Menden. 41-Jähriger hat sich sein ganzes Leben so gefühlt, als ob er nicht dazugehört. Seine Hochsensibilität stellt ihn vor Herausforderungen.

Schon als Kind hat sich Ben (Name der Redaktion bekannt; zum Schutz des Betroffenen geändert) immer anders gefühlt, feinfühliger, sensibler. Über Jahrzehnte hat er versucht, sich nicht anmerken zu lassen, dass ihm vieles zu laut, zu hell, zu hektisch – einfach viel zu viel – war. Das Gefühl absoluter Reizüberflutung setzt bei ihm früher ein als bei anderen Menschen.

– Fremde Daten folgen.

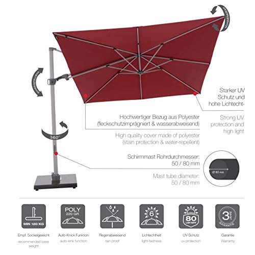 Dieser Premium Outdoor Pendelschirm lässt keine Wünsche schneefrei: Er besticht durch großartiges Design, Top-Funktionalität und hohe Qualität. Er verbindet Nützliches mit Wunderschönem. So ist es kein Wunder, dass der Ampelschirm mit dem Gardiente Outdoor Living Award 2018 in Silber ausgezeichnet wurde. Mit dagegen ein paar Handgriffen drehen Sie ihn um 360 Abstufung in verschiedene Positionen (Fußtaster betätigen) und schwenken und neigen ihn Achsen… durch einfache Schrägstellung. Zudem verleiht der robuste Mast aus Aluminium eine moderne und zeitlose Note. Der regenabweisende Bezug ist aus witterungsbeständigen Polyesterstoff, fleckschutzimprägniert und gewährt einen Sonnenschutzfaktor von 80+.

Dass er sich seine Qualen nicht hat anmerken lassen, hat so lange funktioniert, bis Ben irgendwann zusammenbrach. Heute weiß der 41-Jährige, woran viele seiner Herausforderungen liegen: Er ist hochsensibel.

Auch interessant

Vor einigen Monaten hat die WP über Andrea Nagel berichtet. Die Mendenerin ist ebenfalls hochsensibel, nimmt Gefühle anderer besonders intensiv wahr. Sie selbst weiß erst seit gut zehn Jahren von ihrer Hochsensibilität, hat deshalb gelernt, auf ihre eigenen Grenzen und Belastungen zu achten und Neinsagen zu lernen – eben auf ein Leben in Balance zu achten. Andrea Nagel berät andere zu dem Thema und hat einen Stammtisch für Betroffene ins Leben gerufen. Als Ben den WP-Bericht las, fand er sich bestätigt in dem Verdacht, dass er selbst hochsensibel sein könnte. Später machte er einen Test, der ebenfalls eindeutig ausfiel: „Volltreffer in fast allen Punkten.

Ben weiß derzeit nicht, ob und wie er in seinen Beruf zurückkehren kann. Oft fällt es ihm schwer, seinen Alltag zu bewältigen (Symbolbild).
Ben weiß derzeit nicht, ob und wie er in seinen Beruf zurückkehren kann. Oft fällt es ihm schwer, seinen Alltag zu bewältigen (Symbolbild). © picture alliance/dpa | Sina Schuldt

Wenn Ben auf seine Kindheit und Jugend, auf sein bisheriges Leben zurückblickt, sagt er: „Ich hab‘ mich immer so gefühlt, als ob ich nicht dazugehöre. Ich hab‘ mich gefühlt wie ein Alien.“ Schon als Kind sei er Mitglied in vielen Gruppen und Vereinen gewesen, habe dort viel Zeit verbracht: „Das war einfach normal bei uns. Aber eigentlich ging es mir meistens nicht gut dabei.“ Zudem sei er in seiner Kindheit und Jugend körperlichen und psychischen Übergriffen ausgesetzt gewesen, was ihm bis heute immer wieder zu schaffen mache.

Auch interessant

In seinem einst großen Freundeskreis hat Ben sich nie wirklich wohl gefühlt: „Ich stand da permanent unter ganz hohem Druck.“ Dabei, das weiß Ben selbst, sei dieser Druck gar nicht von außen gekommen: „Ich habe mir schon immer sehr viele Gedanken darum gemacht, was andere über mich denken.“ Nach Treffen mit Freunden oder einem Aufenthalt in größeren Menschengruppen fühlte Ben sich stets ausgepowert, extrem kraftlos und erschöpft.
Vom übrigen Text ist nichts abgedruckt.